"Opposing Death Squads and Dictatorship" is the theme of a 7-city U.S. tour by Honduran LGBT leader Jose "Pepe" Palacios beginning today at Atlanta's "Creating Change" conference.
Since a 2009 U.S.-supported coup, 87 LGBT Hondurans – including top leaders like Walter Trochez and LIBRE candidate Erick Martinez Avila – have been murdered in a systematic campaign of targeted hate crimes and political assassination.
Palacios is a founding member of the Honduran LGBT group, Diversity Movement in Resistance (MDR), formed in response to Trochez's murder, and is a member of the steering committee of the National Front of Popular Resistance (FNRP).
Honduras won the dubious distinction of having the highest murder rate in the world in the years since the U.S.-supported coup. Coup supporters used the overthrow of the elected government to settle scores against social justice movements and the poor.
Contrary to stereotypes about predominately Roman Catholic countries, Honduras has a vibrant Lesbian, Gay, Bisexual and Transgender (LGBT) movement which is among the leading forces organizing against the coup regime. LGBTs there have joined indigenous peoples, African descendants, farmers, teachers, women, students, and trade unionists in numerous, massive, non-violent street demonstrations of resistance.
This summer and fall, in the run up to the country's first contested election since the coup, many fear that the violence will get even worse. The purpose of the tourorganized by the Gay Liberation Network, La Voz de los de Abajo and the Chicago Religious Leadership Network on Latin America is to raise international awareness about the dire situation in the country and use the spotlight of publicity to add a higher level of safety for activists there.
Included in the presentations will be a short film produced by the Gay Liberation Network which was shot during a September 2012 solidarity delegation to Honduras organized by La Voz de los de Abajo.
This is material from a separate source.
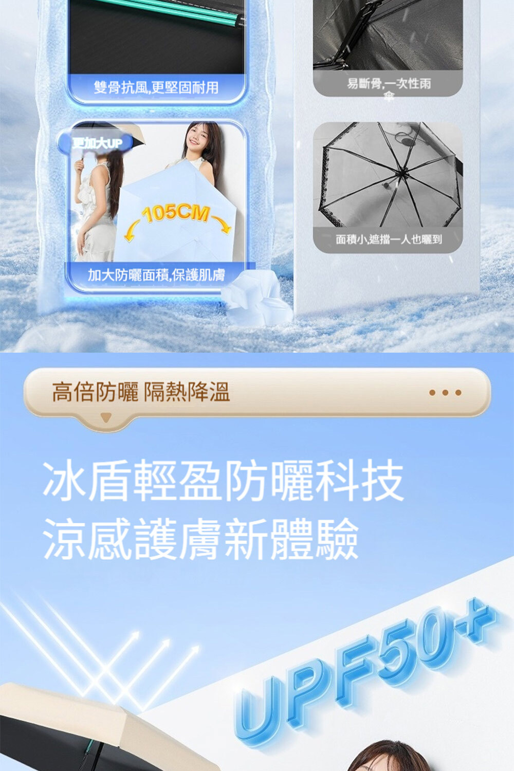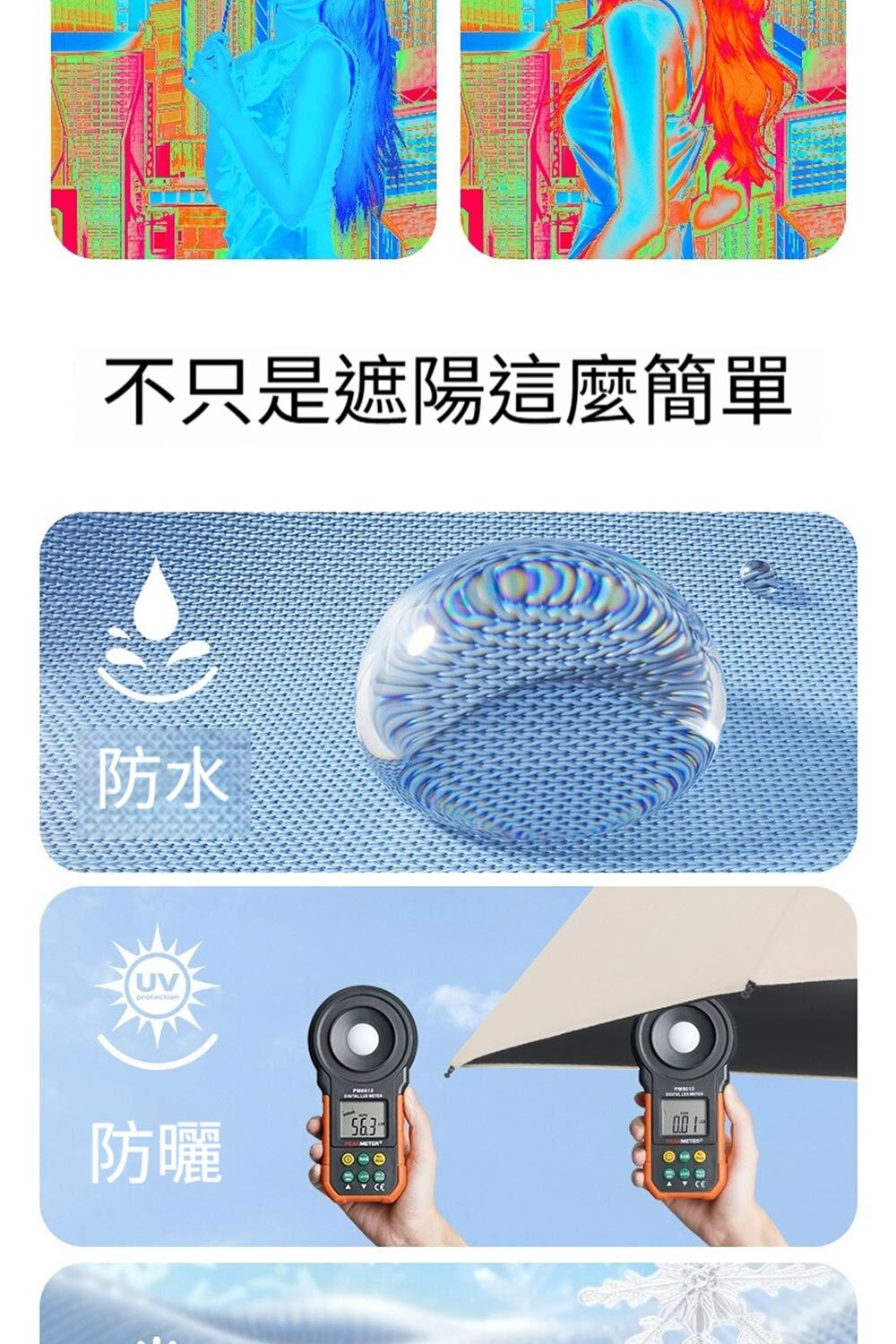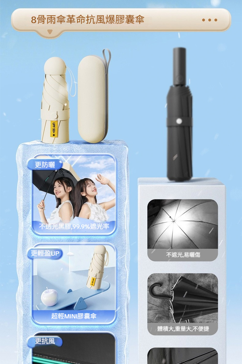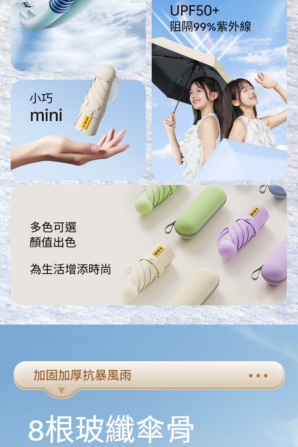 👜材質:傘布-黑膠防曬傘布+不沾水塗層,傘骨-高密度合金+高強度玻璃纖維

Footage in the film shows armed guards of the nation's largest landowner firing in the direction of the delegation to intimidate them from investigating a murder that had happened just a few days before.
In addition to Atlanta, Palacios will be giving presentations at and attending leadership meetings in Milwaukee, Madison, Green Bay, Cleveland, New York, Washington, DC and Chicago (Chicago will have two public events, one in English and one in Spanish).